Valid Time tables can also be used for other data that needs to be tracked through time. However different Triggers are required when users are enabled to change the Start and End Dates as a regular data entry function. There are other implementation challenges associated with enforcing integrity constraints for these scenarios. Although the non-temporal primary key can still be combined with the End Date in non-auditing designs for a suitable natural key, this key will not enforce the idea of no-overlapping time periods that is integral to the design. Rick Snodgrass has written extensively on the use of Valid-Time tables and has an interesting article on the subject of implementing data integrity for these designs Referential Integrity Over Time-Varying Tables on a DB2 installation.

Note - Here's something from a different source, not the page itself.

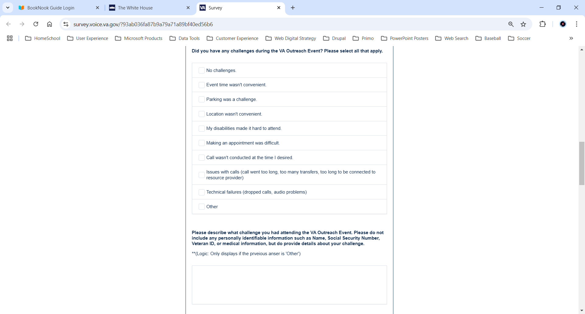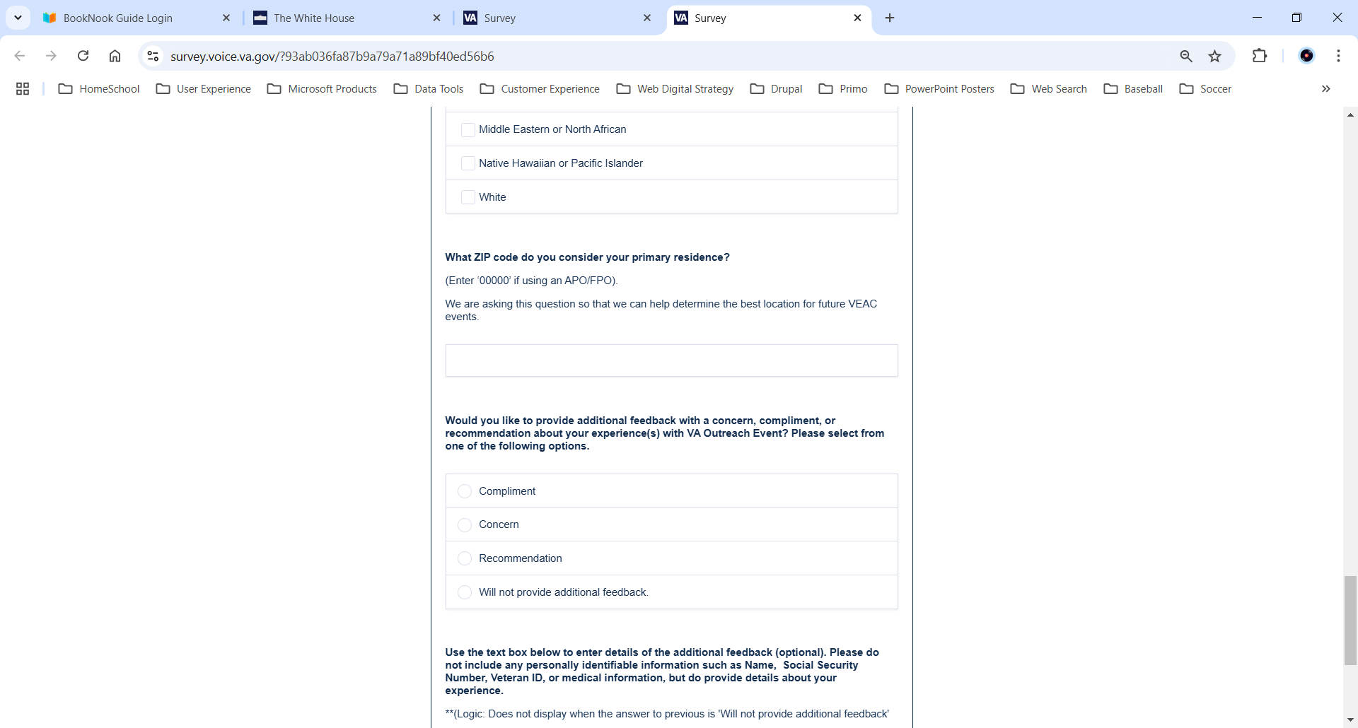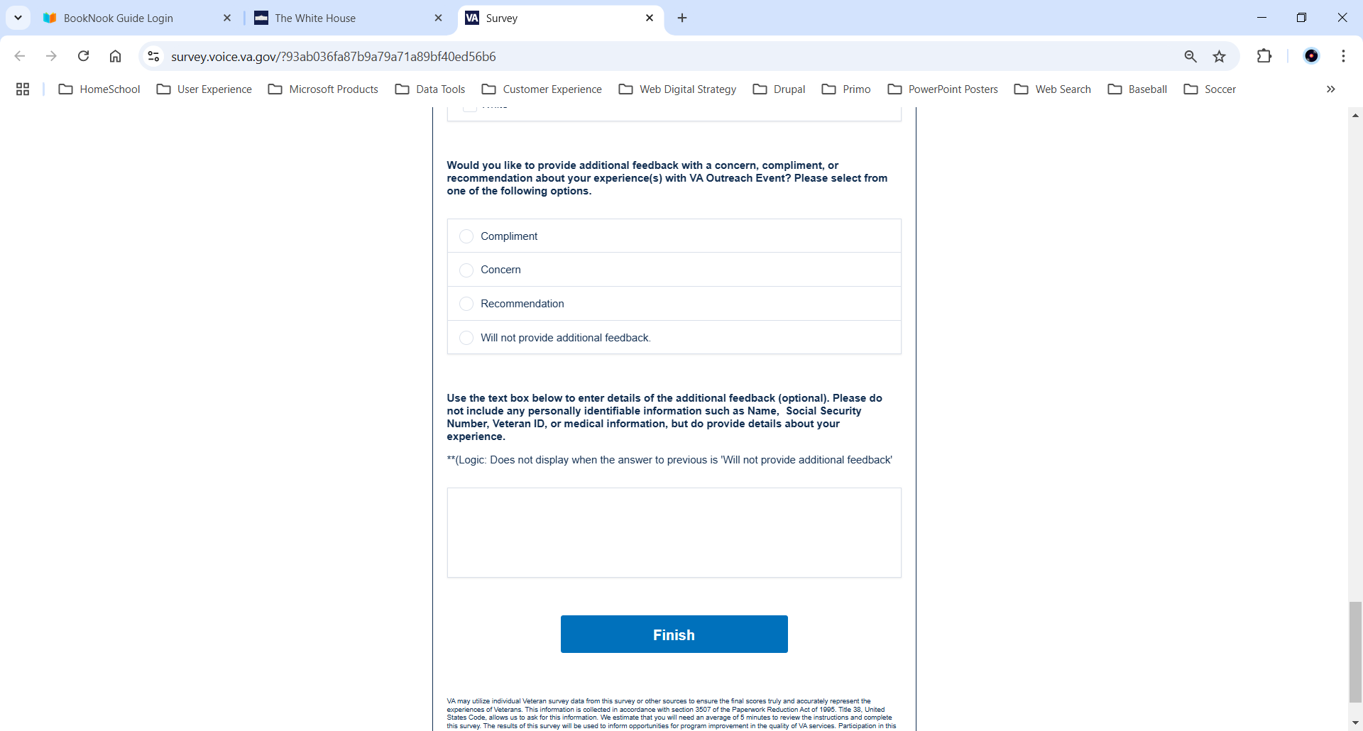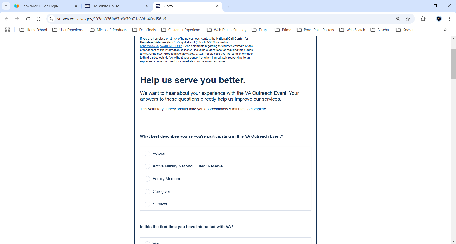 VA Burden Statement: An agency may not conduct or sponsor, and a person is not required to respond to, a collection of information unless it displays a currently valid OMB control number. The OMB control number for this project is 2900-0912, and it expires 09/30/2025. Public reporting burden for this collection of information is estimated to average 5 minutes per respondent, per year, including the time for reviewing instructions, searching existing data sources, gathering, and maintaining the data needed, and completing and reviewing the collection of information. Send comments regarding this burden estimate and any other aspect of this collection of information, including suggestions for reducing the burden, to VA Reports Clearance Officer at VACOPaperworkReduAct@va.gov. Please refer to OMB Control No. 2900-0912 in any correspondence. Do not send your completed VA Form to this email address.

Logging changes to individual field values is generallynot practical for temporal designs that, although there are reasons why the technique offers special advantages for auditing purposes. First off, logging individual field changes does not require a selective update to expire the old record after any change. The database only has to to write a new record at the end of the field change history table indicating each new field. Secondly, when working with tables containing a very large number of fields, of which only a few are ever updated as a group, a full Valid Time audit table can result in more disk usage. But if a base table sees a lot of insert and delete activity and most update operations affect more than just one or two fields, Valid Time tables will probably take up less space than a field level audit table. This is because the key information and time stamps are only written once an operation not once per value. It is also much easier to reconstruct historic record values with Valid Time tables. You can use native data types in Valid Time tables instead of having to coerce all your data into large varchar fields for storage and then back to native data types for queries. You don't have to worry about capturing complex primary keys with Valid Time tables. For all these reasons field logging techniques is often the wrong design choice for many practical applications.